GIVEN DATA below:

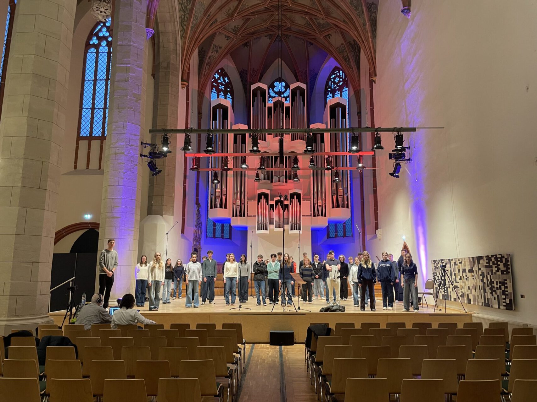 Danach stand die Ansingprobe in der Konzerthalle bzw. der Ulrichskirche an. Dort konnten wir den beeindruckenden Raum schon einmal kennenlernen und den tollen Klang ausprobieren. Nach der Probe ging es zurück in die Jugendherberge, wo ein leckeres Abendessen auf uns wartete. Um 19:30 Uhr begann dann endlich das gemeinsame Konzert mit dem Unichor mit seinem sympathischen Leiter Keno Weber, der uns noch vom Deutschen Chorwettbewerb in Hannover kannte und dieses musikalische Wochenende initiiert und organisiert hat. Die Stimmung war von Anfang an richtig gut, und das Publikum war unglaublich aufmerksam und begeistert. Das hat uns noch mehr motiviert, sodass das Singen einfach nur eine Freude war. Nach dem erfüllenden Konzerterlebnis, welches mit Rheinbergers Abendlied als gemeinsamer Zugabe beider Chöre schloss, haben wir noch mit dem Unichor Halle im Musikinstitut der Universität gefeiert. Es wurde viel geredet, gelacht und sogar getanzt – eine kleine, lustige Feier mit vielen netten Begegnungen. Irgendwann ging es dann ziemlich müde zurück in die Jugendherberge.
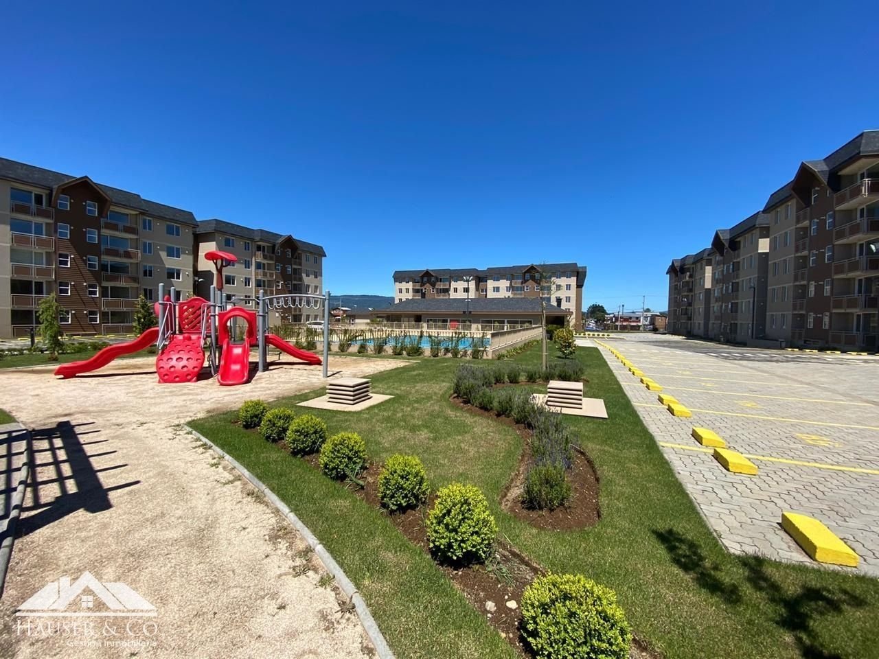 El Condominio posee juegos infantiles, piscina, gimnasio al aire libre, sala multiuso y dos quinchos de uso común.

End of GIVEN DATA.
GIVEN DATA below:

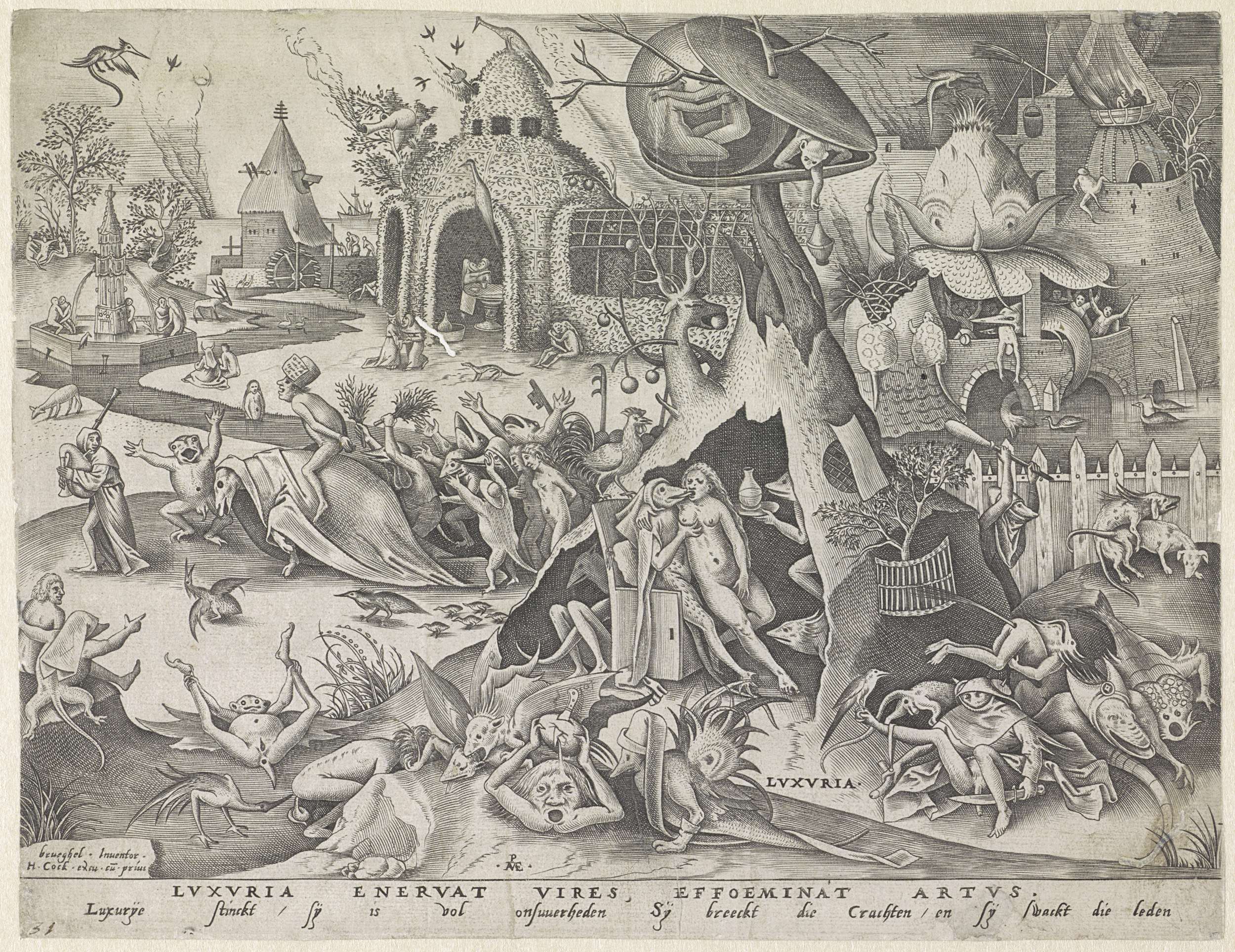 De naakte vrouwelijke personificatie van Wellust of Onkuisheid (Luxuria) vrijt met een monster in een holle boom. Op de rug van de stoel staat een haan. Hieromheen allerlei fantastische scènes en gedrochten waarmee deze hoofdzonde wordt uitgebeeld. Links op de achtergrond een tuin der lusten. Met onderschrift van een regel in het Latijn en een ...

End of GIVEN DATA.
GIVEN DATA below:

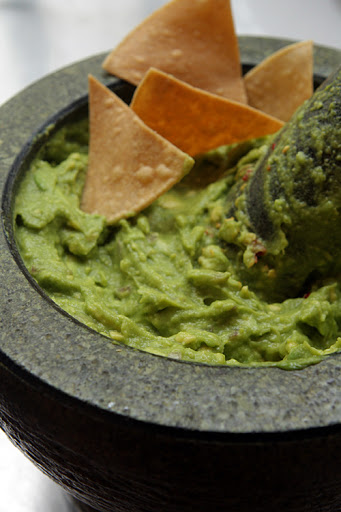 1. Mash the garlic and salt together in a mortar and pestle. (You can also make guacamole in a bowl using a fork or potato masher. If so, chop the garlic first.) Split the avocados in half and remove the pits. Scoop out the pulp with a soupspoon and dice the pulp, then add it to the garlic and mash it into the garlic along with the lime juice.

End of GIVEN DATA.

Reproduce the entries exactly, from the line with "Danach stand die" to the line with "El Condominio posee", both lines included, keeping no pictures.

ANSWER FOR THIS EXERCISE ::
 Danach stand die Ansingprobe in der Konzerthalle bzw. der Ulrichskirche an. Dort konnten wir den beeindruckenden Raum schon einmal kennenlernen und den tollen Klang ausprobieren. Nach der Probe ging es zurück in die Jugendherberge, wo ein leckeres Abendessen auf uns wartete. Um 19:30 Uhr begann dann endlich das gemeinsame Konzert mit dem Unichor mit seinem sympathischen Leiter Keno Weber, der uns noch vom Deutschen Chorwettbewerb in Hannover kannte und dieses musikalische Wochenende initiiert und organisiert hat. Die Stimmung war von Anfang an richtig gut, und das Publikum war unglaublich aufmerksam und begeistert. Das hat uns noch mehr motiviert, sodass das Singen einfach nur eine Freude war. Nach dem erfüllenden Konzerterlebnis, welches mit Rheinbergers Abendlied als gemeinsamer Zugabe beider Chöre schloss, haben wir noch mit dem Unichor Halle im Musikinstitut der Universität gefeiert. Es wurde viel geredet, gelacht und sogar getanzt – eine kleine, lustige Feier mit vielen netten Begegnungen. Irgendwann ging es dann ziemlich müde zurück in die Jugendherberge.
 El Condominio posee juegos infantiles, piscina, gimnasio al aire libre, sala multiuso y dos quinchos de uso común.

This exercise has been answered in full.